Your instructions:
Reproduce the data below in full and to the letter, images excepted.

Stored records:
....................

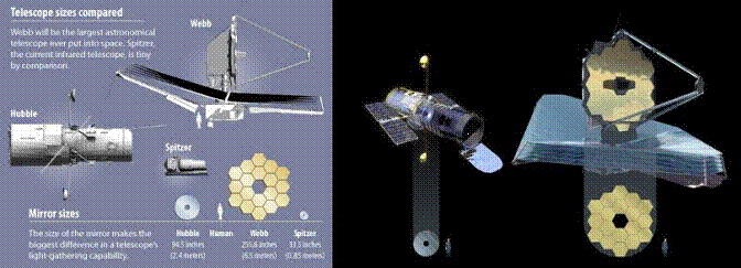 Figura 3. El telescopio espacial Hubble y futuro telescopio orbital James Webb. Fuente: Goddard.
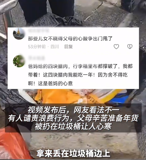 當然,也有一些網友是譴責的態度來批評對方的。四川網友跟帖留言;「那些兒女不曉得父母的心酸爭出門甩了。」還有網友留言;「爸媽給的四塊臘肉,行李箱布都撐破了,我都帶著。這四塊臘肉我能吃一年!因為捨不得吃啊!這是爸媽的心意。」
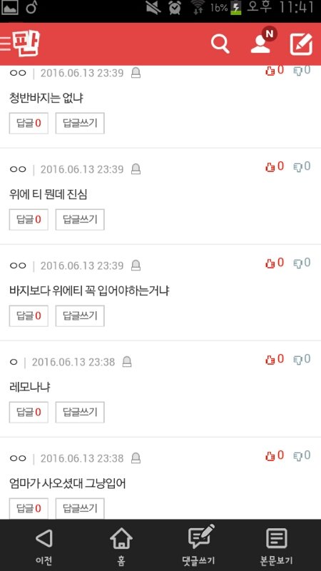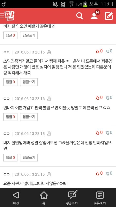바로 몇분후 바지랑 옷 어떠냐고 물어본 글에 댓글
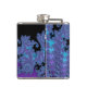 Personalised Purple Fractal Monogram Flask. Shades of purple, blue, green and lavender in an asymmetrical fractal pattern with a name and initial at the centre ready for you to customise. Share the festive spirits with your favourite people with this elegant, decorative flask.
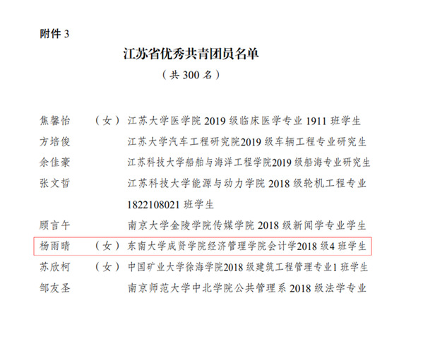 近日,共青团江苏省委下发了《关于表彰2020年度“江苏省优秀共青团员”“江苏省优秀共青团干部”“江苏省五四红旗团委(团支部)”的决定》,国产视频 经济管理学院18级会计4班的杨雨晴同学获评2020年度“江苏省优秀共青团员”称号。
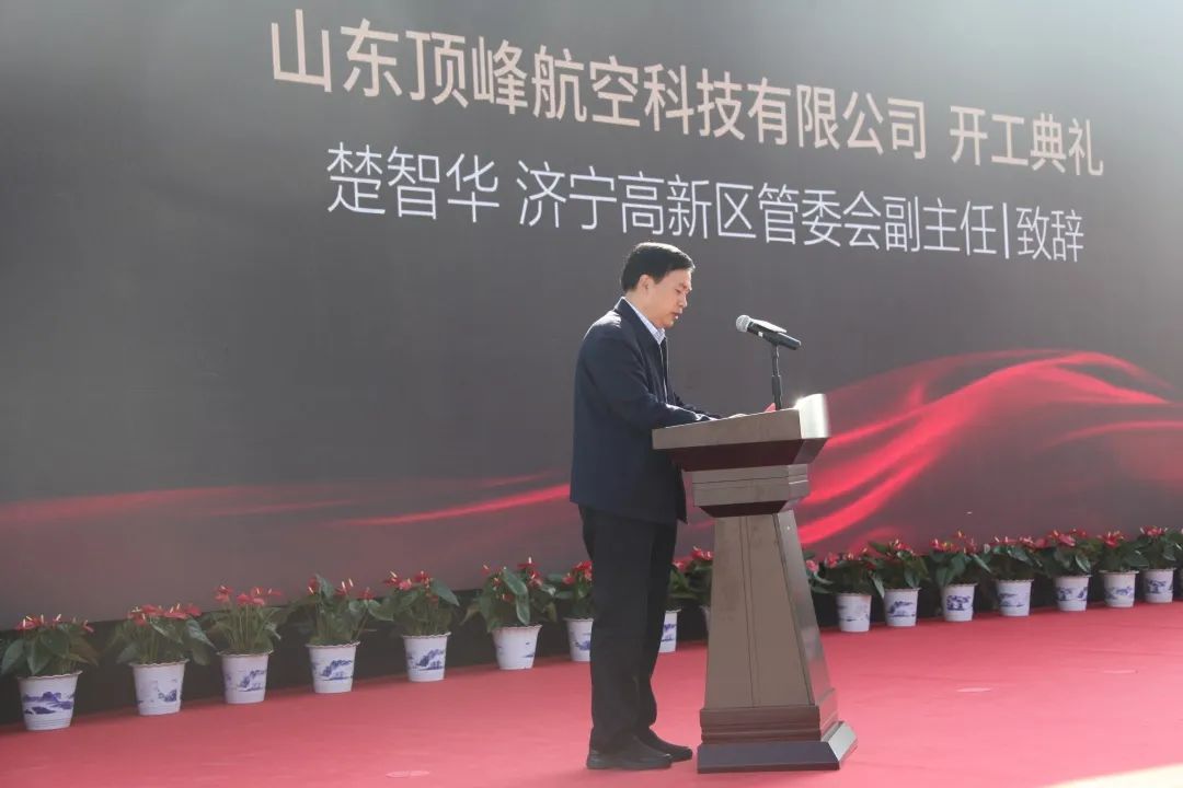 在开工庆典仪式上,济宁市相关领导、峰飞董事长田瑜先生分别对山东顶峰航空科技济宁生产基地的落成作出高度评价。
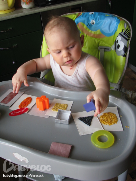 Подготовила сенсорные карточки с фигурами (фигуры выложены крупой и т.п. - имеют фактуру). На удивление, карточки живы до сих пор (отковырен только овал). Задание: я вытаскивала из коробки предметы, а Васене надо было найти карточку соответсвующей формы. Несколько раз угадала :) По крайней мере, ей понравилось!
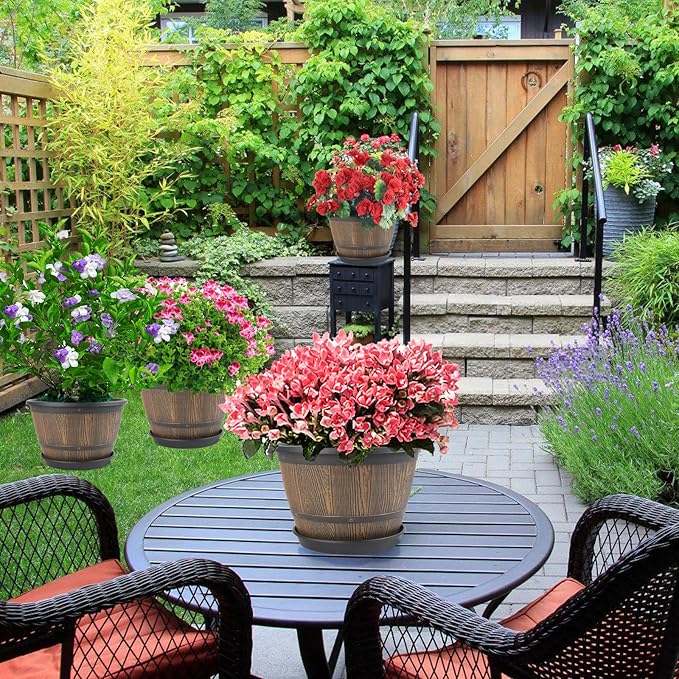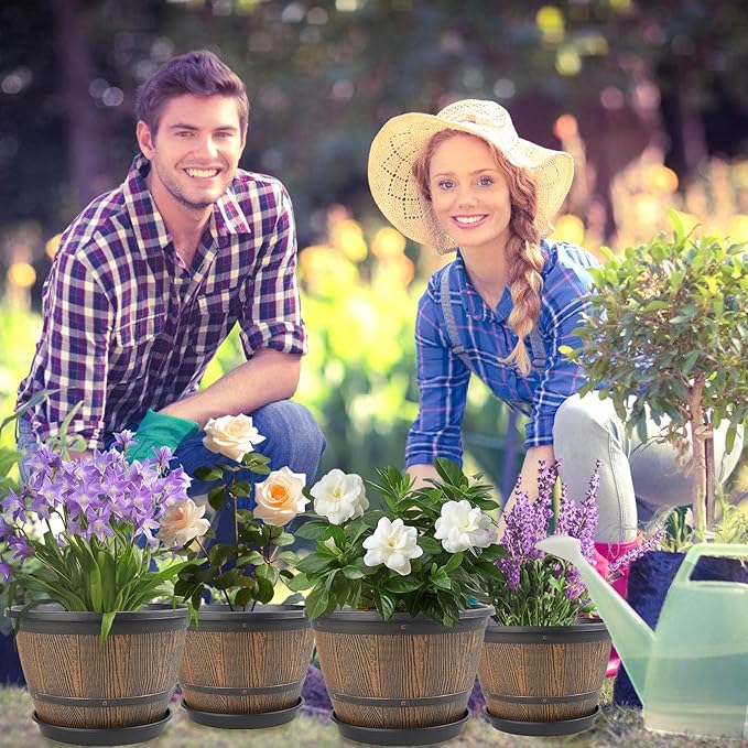 - 【Imitation Whiskey Barrel Design】These 10 inch planters for outdoor plants are designed with imitation wine barrel with rustic touch, which complements many different decorative styles. Planting with these plastic flower pots in your garden or front yard, not only make you feel peaceful rustic comfort, but also adds a touch of sophistication to indoor or outdoor spaces.
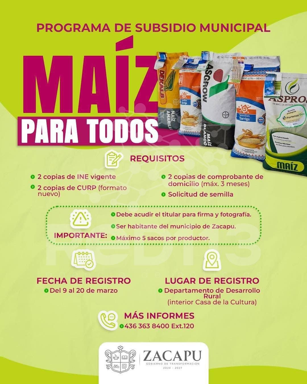 Para participar, las y los interesados deberán presentar dos copias de INE vigente, dos copias de CURP en formato nuevo, dos copias de comprobante de domicilio con una vigencia máxima de tres meses, así como la solicitud de semilla. Además, se informó que el titular deberá acudir personalmente para firma y fotografía, y que el apoyo contempla un máximo de cinco sacos por productor.
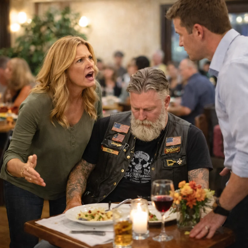 “The vest. The patches. Some families are uncomfortable. We have a dress code, so I’d appreciate it if you could remove it… or possibly dine somewhere more appropriate.”

....................

The answer:
 Figura 3. El telescopio espacial Hubble y futuro telescopio orbital James Webb. Fuente: Goddard.
 當然,也有一些網友是譴責的態度來批評對方的。四川網友跟帖留言;「那些兒女不曉得父母的心酸爭出門甩了。」還有網友留言;「爸媽給的四塊臘肉,行李箱布都撐破了,我都帶著。這四塊臘肉我能吃一年!因為捨不得吃啊!這是爸媽的心意。」
바로 몇분후 바지랑 옷 어떠냐고 물어본 글에 댓글
 Personalised Purple Fractal Monogram Flask. Shades of purple, blue, green and lavender in an asymmetrical fractal pattern with a name and initial at the centre ready for you to customise. Share the festive spirits with your favourite people with this elegant, decorative flask.
 近日,共青团江苏省委下发了《关于表彰2020年度“江苏省优秀共青团员”“江苏省优秀共青团干部”“江苏省五四红旗团委(团支部)”的决定》,国产视频 经济管理学院18级会计4班的杨雨晴同学获评2020年度“江苏省优秀共青团员”称号。
 在开工庆典仪式上,济宁市相关领导、峰飞董事长田瑜先生分别对山东顶峰航空科技济宁生产基地的落成作出高度评价。
 Подготовила сенсорные карточки с фигурами (фигуры выложены крупой и т.п. - имеют фактуру). На удивление, карточки живы до сих пор (отковырен только овал). Задание: я вытаскивала из коробки предметы, а Васене надо было найти карточку соответсвующей формы. Несколько раз угадала :) По крайней мере, ей понравилось!
 - 【Imitation Whiskey Barrel Design】These 10 inch planters for outdoor plants are designed with imitation wine barrel with rustic touch, which complements many different decorative styles. Planting with these plastic flower pots in your garden or front yard, not only make you feel peaceful rustic comfort, but also adds a touch of sophistication to indoor or outdoor spaces.
 Para participar, las y los interesados deberán presentar dos copias de INE vigente, dos copias de CURP en formato nuevo, dos copias de comprobante de domicilio con una vigencia máxima de tres meses, así como la solicitud de semilla. Además, se informó que el titular deberá acudir personalmente para firma y fotografía, y que el apoyo contempla un máximo de cinco sacos por productor.
 “The vest. The patches. Some families are uncomfortable. We have a dress code, so I’d appreciate it if you could remove it… or possibly dine somewhere more appropriate.”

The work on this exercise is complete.